Removing a discontinuity? How would you "remove the discontinuity" of $f$ ? In other words, how would you define $f(4)$ in order to make $f$ continuous at $x=4$?
$$f(x) = \dfrac{x^2-x-12}{x-4}$$
 A: You have $f(x)= \dfrac{x^2-x-12}{x-4}$. Notice that $x=4$ is not in the domain of the function since then you would be dividing by $0$. However, if $x \neq 4$, then we have
$$
\require{cancel}
f(x)= \dfrac{x^2-x-12}{x-4}= \dfrac{(x-4)(x+3)}{x-4}=\dfrac{\cancel{(x-4)}(x+3)}{\cancel{x-4}}= x+ 3
$$
Notice that $x+3$ gets 'close' to $4+3=7$ when $x$ is 'close' to $x=4$. Then if we want to define a function which is equal to $f(x)$ when $x \neq 4$, is defined at $x=4$, and is continuous, we have to choose
$$
g(x)=
\begin{cases}
\dfrac{x^2-x-12}{x-4}= x+3, & x\neq 4 \\
7, & x=4
\end{cases}
$$
A: Using the fact that $x^2-x-12=(x-4)(x+3)$.

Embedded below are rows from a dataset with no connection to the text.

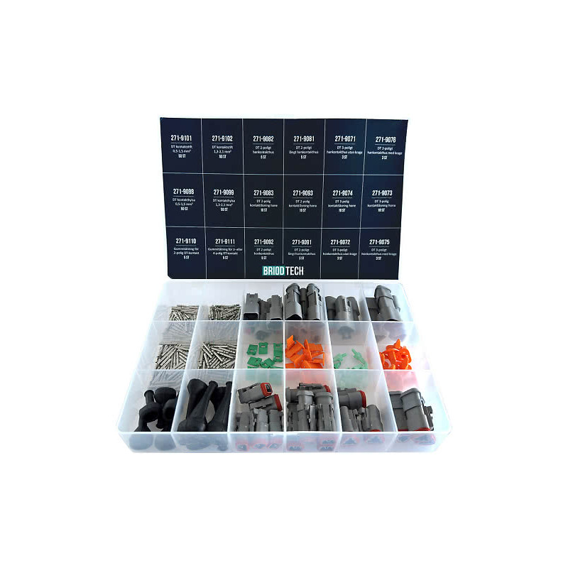 Ny sortimentslåda med Deutsch kontakter 2-3-poliga.Lådan innehåller 18 artiklar ca 300 delar. Pressverktyget är en ratchettång med inbyggd returspärr som garanterar att kontaktpressningen fullföljs. Nedanstående artiklar finns med i lådan:271-9101 DT kontaktstift 0,5-1,5 mm² <
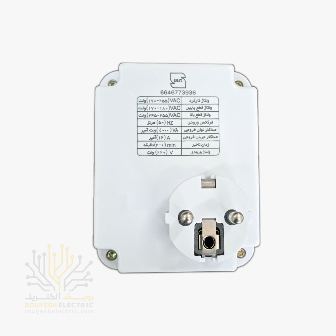 محافظ برق کولری برند فروزش مدل LT100 لوتوس ارتدار کلید دار تک خانه آنالوگ بدنه سفید دیواری
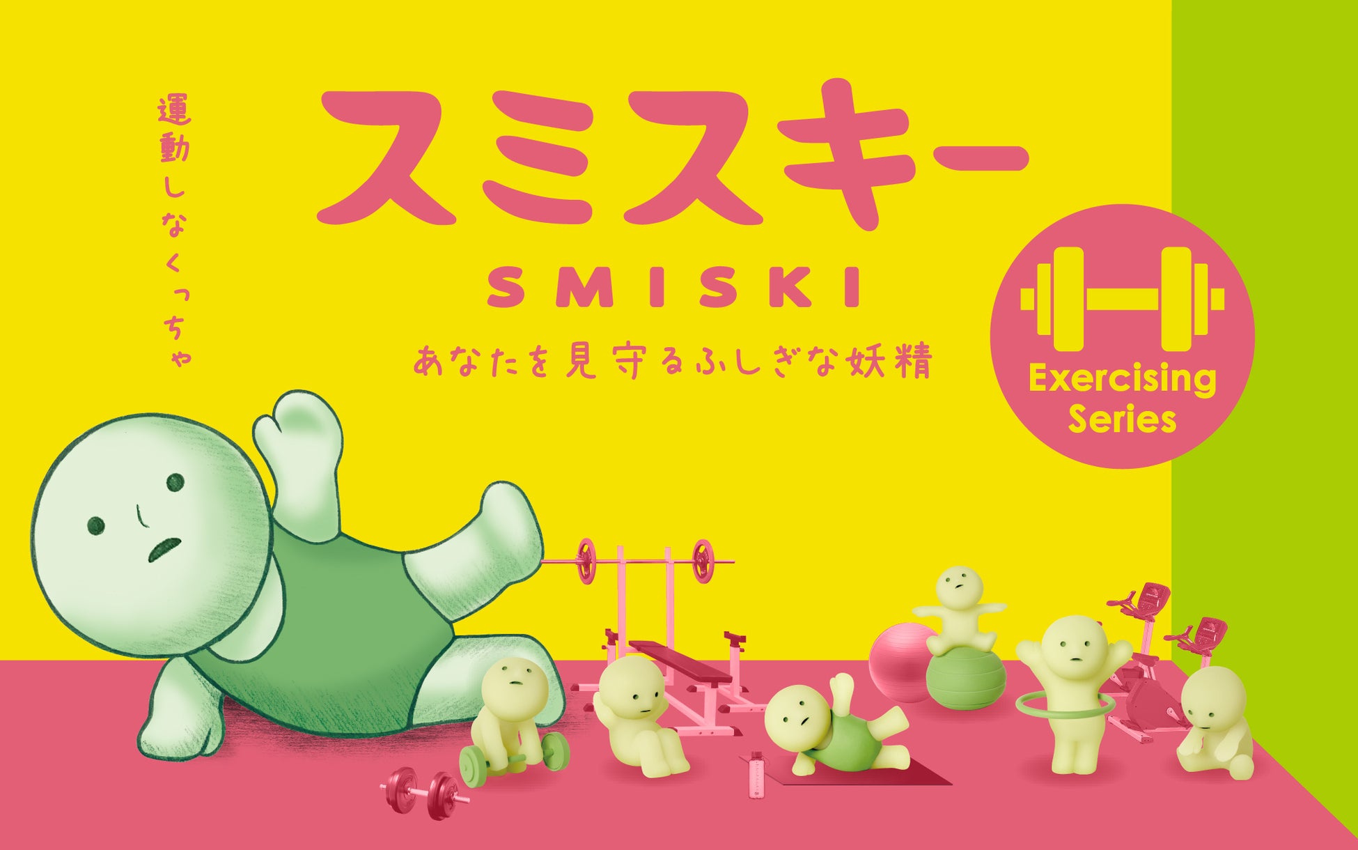 SNSを中心に人気急上昇中の、スミが好きな、あなたを見守る妖精「スミスキー」より待望の新シリーズ『SMISKI Exercising Series(スミスキー エクササイジングシリーズ)』が登場。新シリーズでは、丸みを帯びた体型を気にし始めたのか、部屋のスミでエクササイズをしているスミスキーが新たに発見されました。

A: Note that $x^2-x-12=(x-4)(x+3)$. 
Now, $$\lim\limits_{x\to 4} f(x)=\lim_{x\to 4} x+3=7$$.
So, define $f(4)=7$.
A: $f(x) = \frac{x^2-x-12}{x-4}$
$f(x) = \frac{(x-4)(x+3)}{(x-4)}$
$\lim_{x\to4}f(x) = \frac{x^2-x-12}{x-4} = \lim_{x\to4}\frac{(x-4)(x+3)}{(x-4)} = 7$
So redefine $f(x)$ as ;
$f(x) = \begin{cases}\frac{x^2-x-12}{x-4}&x\ne4\\7&x= 4\end{cases}$
A: if  $ x \neq 4 $
$f(x)= \dfrac{x^2-x-12}{x-4}= \dfrac{(x-4)(x+3)}{x-4}=\dfrac{1(x+3)}{1}= x+ 3$   
so we have
f(x)=x+3
(for $ x \neq 4$)
$\lim_{x\to4}f(x) = \lim_{x\to4}(x+3) $= 7
we want to make f  continuous for this reason
the ammount of function at 4 should be equall to $$\lim_{x\to4}f(x)=7$$
so we define a function that in x=4  it equall to  $\lim_{x\to4}f(x)=7$
$$g(x)=
\begin{cases}
\dfrac{x^2-x-12}{x-4}= x+3, & x\neq 4 \\
7, & x=4
\end{cases}$$